Das Welpenhaus und die neidische KAtze

Der Dezember schritt voran und damit rückte auch der Umzug meiner Oma voran, die mit Sina bald wegziehen würde. Ich war traurig, weil ich Sina sehr gern hatte, aber man kann Menschen nicht aufhalten, sondern nur brav hinterher dackeln. Wie bei allen Umzügen sammelte sich auch bei meiner Oma viel Krempel an, den man nicht mitnehmen kann oder möchte und diesen Krempel konnte man nur versuchen zu verkaufen, zu entsorgen oder zu verschenken. Und so bekamen wir ein paar ihrer Sachen geschenkt. Kyra erbte eine coole Liege, die man über der Heizung befestigen konnte, was ja eh einer ihrer Lieblingsplätze war. Die beiden Kater meiner Oma waren zu schwer, um sie benutzen zu können, wahrscheinlich wäre die Liege wie ein Plastiklöffel abgeknickt, wenn einer der schweren Kerle sich draufgelegt hätte, für die zarte Kyra war der Liegeplatz hingegen wie gemacht. Mama und Papa hatten das Sofa nämlich so gestellt, dass zwischen der Wand mit den Heizungen, den Fenstern und Kyras Kratzbaum und dem Sofa etwas Platz war und sie sich, wenn sie Ruhe von uns brauchte, zurückziehen konnte. Diese Liege war damit natürlich das Tüpfelchen auf dem i. Doch nicht alles, was Mama und Papa bekamen, war für Kyra.

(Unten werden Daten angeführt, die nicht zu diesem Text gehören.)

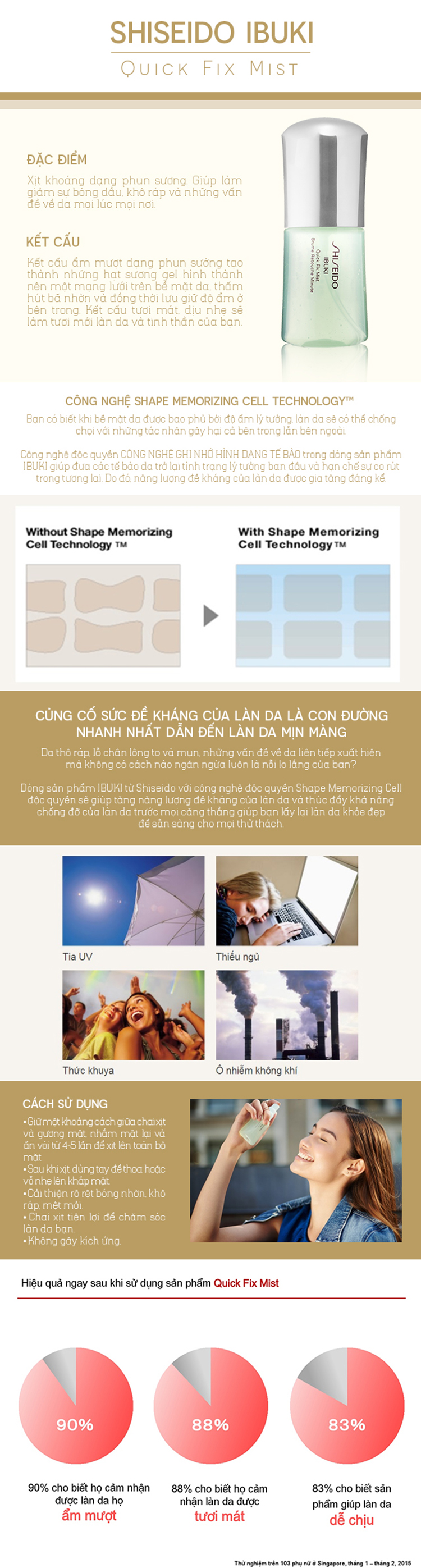 - Gel Dưỡng Da Dạng Xịt Shiseido Ibuki Quick Fix Mist (50ml) - 11951 dạng phun sương giúp làm giảm sự bóng dầu, khô ráp và mọi vấn đề về da mọi lúc mọi nơi. Những hạt sương gel hình thành nên một mạng lưới trên bề mặt da, thấm hút bã nhờn và đồng thời lưu giữ độ ẩm ở bên trong.
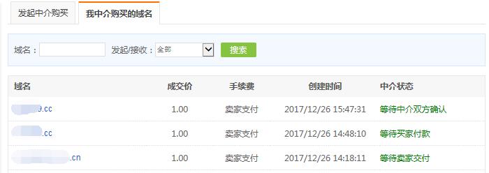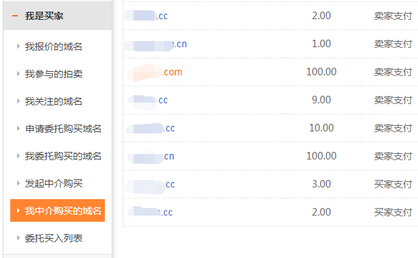 登录会员中心后左侧菜单 我是卖家—我中介购买的域名 查看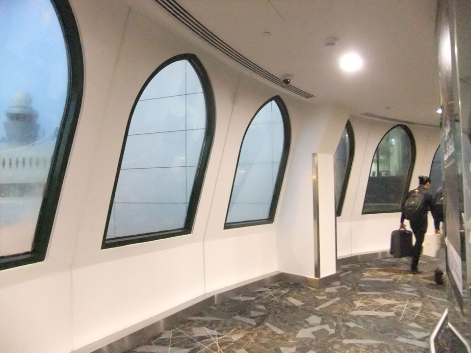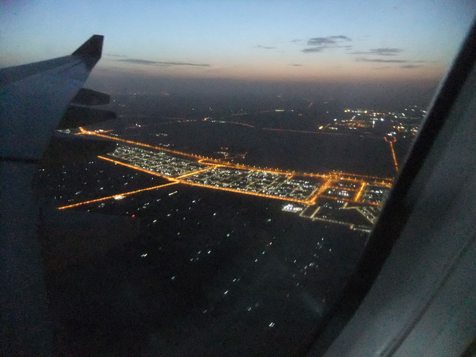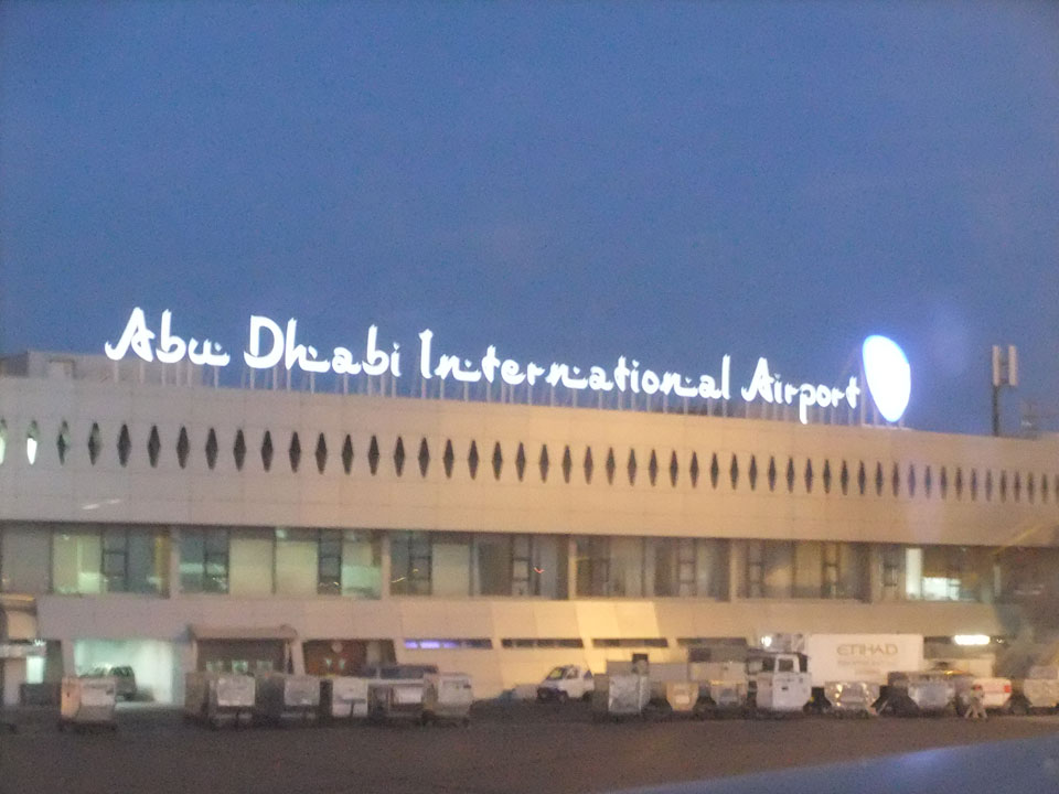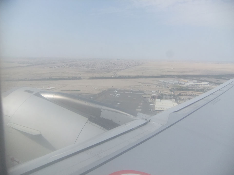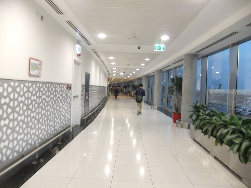 Anflug auf Abu Dhabi im Morgengrauen. Es ging gleich zu den internationalen Transfers – ein schönes Stückchen Fußmarsch. Sonnenaufgang und Müdigkeit meinerseits.

Eine ausgediente Katzenhütte war für mich als Welpenclubhaus gedacht.

Ich hatte nämlich eine Vorliebe für Höhlen entwickelt und mich ein paar Tage zuvor in der untersten Höhle des Katzenkratzbaums versteckt. Mama hatte mich überall gesucht und dann große Augen gemacht, als sie mich gefunden hatte.

Ich liebte die Hütte sofort. Kyra schaute neidisch von oben herunter, aber auch aus strategischen Gründen wäre so ein Haus denkbar ungünstig- wenn sie da drin säße, hätte sie keinen Fluchtweg vor uns.  Nachts kletterte sie hin und wieder hinein, fand dann aber wohl unseren Hundeduft nicht besonders verlockend und trat das Häuschen hoheitsvoll an uns ab.